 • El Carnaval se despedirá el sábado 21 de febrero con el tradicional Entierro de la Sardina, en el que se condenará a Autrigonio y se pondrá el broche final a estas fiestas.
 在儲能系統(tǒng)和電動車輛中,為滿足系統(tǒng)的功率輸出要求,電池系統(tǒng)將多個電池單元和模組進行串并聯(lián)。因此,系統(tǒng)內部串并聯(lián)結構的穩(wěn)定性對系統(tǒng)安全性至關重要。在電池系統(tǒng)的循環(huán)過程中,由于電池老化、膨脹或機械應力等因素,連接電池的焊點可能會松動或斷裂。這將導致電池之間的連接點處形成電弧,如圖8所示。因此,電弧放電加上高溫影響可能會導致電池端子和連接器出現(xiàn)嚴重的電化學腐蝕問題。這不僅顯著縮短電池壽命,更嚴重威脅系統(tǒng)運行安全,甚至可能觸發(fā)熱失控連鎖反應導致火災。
==
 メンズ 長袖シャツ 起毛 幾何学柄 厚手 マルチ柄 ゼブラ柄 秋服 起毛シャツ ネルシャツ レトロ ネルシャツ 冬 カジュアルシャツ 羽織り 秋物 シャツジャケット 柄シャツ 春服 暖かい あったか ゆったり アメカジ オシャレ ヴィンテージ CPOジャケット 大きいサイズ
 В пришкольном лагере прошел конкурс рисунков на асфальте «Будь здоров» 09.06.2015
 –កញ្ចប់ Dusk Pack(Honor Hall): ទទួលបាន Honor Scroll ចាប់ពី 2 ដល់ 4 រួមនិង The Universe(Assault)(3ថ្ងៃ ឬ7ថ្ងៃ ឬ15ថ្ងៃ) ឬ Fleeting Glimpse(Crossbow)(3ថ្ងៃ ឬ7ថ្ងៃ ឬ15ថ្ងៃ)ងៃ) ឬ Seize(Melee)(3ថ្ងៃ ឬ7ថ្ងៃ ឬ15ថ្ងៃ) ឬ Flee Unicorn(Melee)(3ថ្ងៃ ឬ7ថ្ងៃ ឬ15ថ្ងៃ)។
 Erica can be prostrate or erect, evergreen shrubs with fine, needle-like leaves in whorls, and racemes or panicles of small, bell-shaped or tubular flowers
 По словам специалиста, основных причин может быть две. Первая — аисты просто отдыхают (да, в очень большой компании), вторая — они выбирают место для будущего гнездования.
---
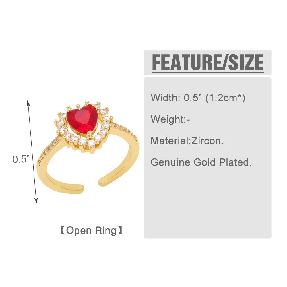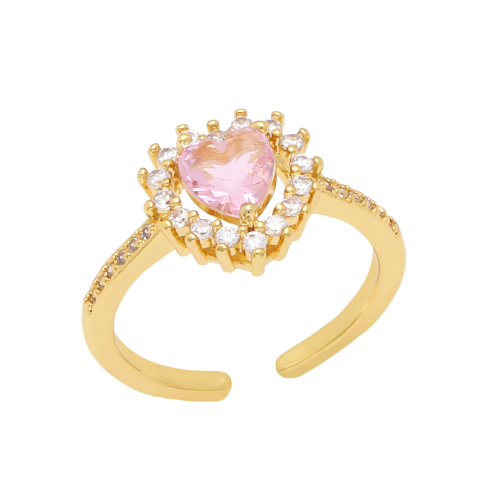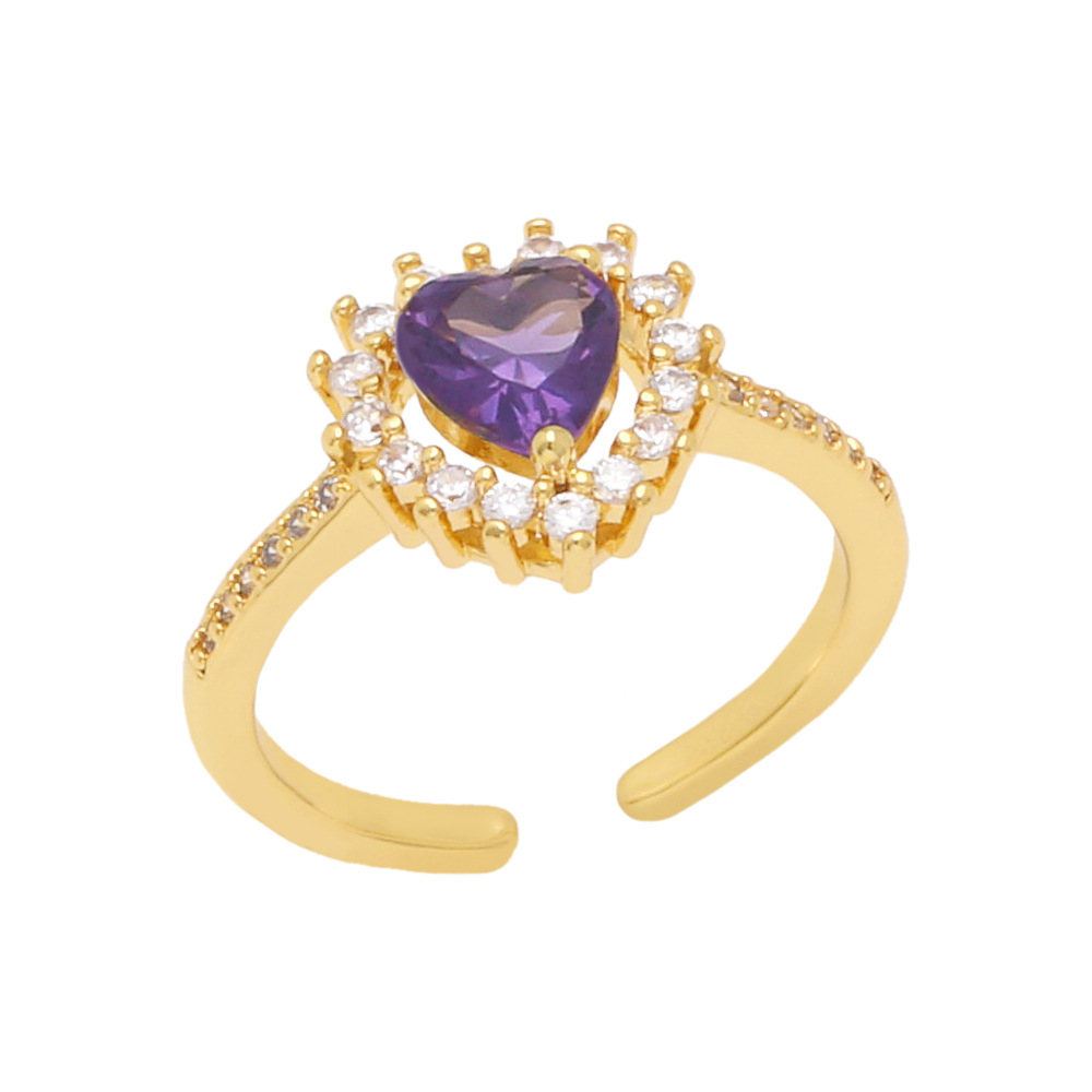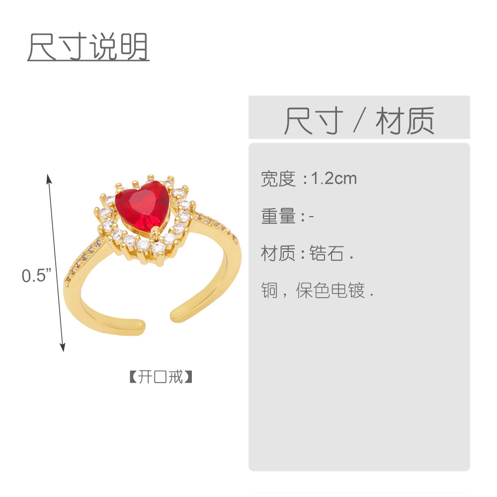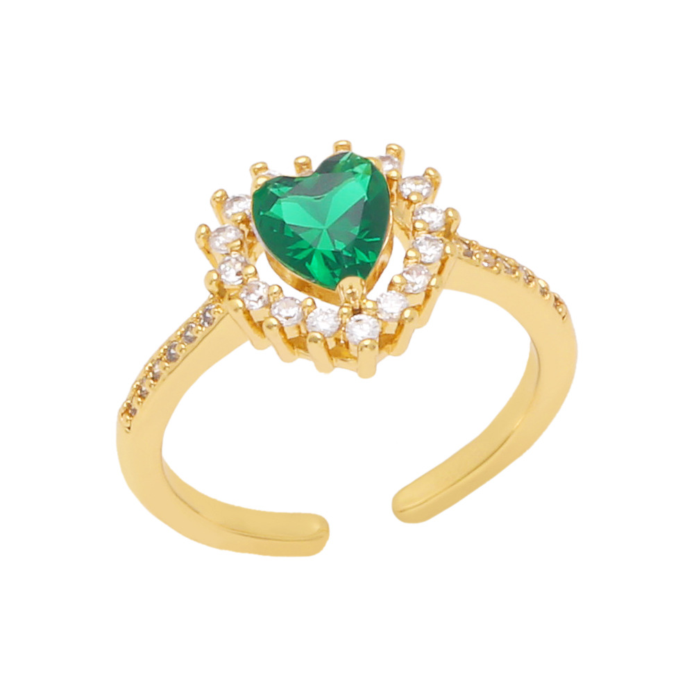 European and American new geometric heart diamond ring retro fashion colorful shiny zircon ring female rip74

**Exercise aim**
From the records above, print exactly the lines that run from the line with "a estas fiestas." to the line with "在儲能系統(tǒng)和電動", inclusive.

**Reply to the exercise**
 • El Carnaval se despedirá el sábado 21 de febrero con el tradicional Entierro de la Sardina, en el que se condenará a Autrigonio y se pondrá el broche final a estas fiestas.
 在儲能系統(tǒng)和電動車輛中,為滿足系統(tǒng)的功率輸出要求,電池系統(tǒng)將多個電池單元和模組進行串并聯(lián)。因此,系統(tǒng)內部串并聯(lián)結構的穩(wěn)定性對系統(tǒng)安全性至關重要。在電池系統(tǒng)的循環(huán)過程中,由于電池老化、膨脹或機械應力等因素,連接電池的焊點可能會松動或斷裂。這將導致電池之間的連接點處形成電弧,如圖8所示。因此,電弧放電加上高溫影響可能會導致電池端子和連接器出現(xiàn)嚴重的電化學腐蝕問題。這不僅顯著縮短電池壽命,更嚴重威脅系統(tǒng)運行安全,甚至可能觸發(fā)熱失控連鎖反應導致火災。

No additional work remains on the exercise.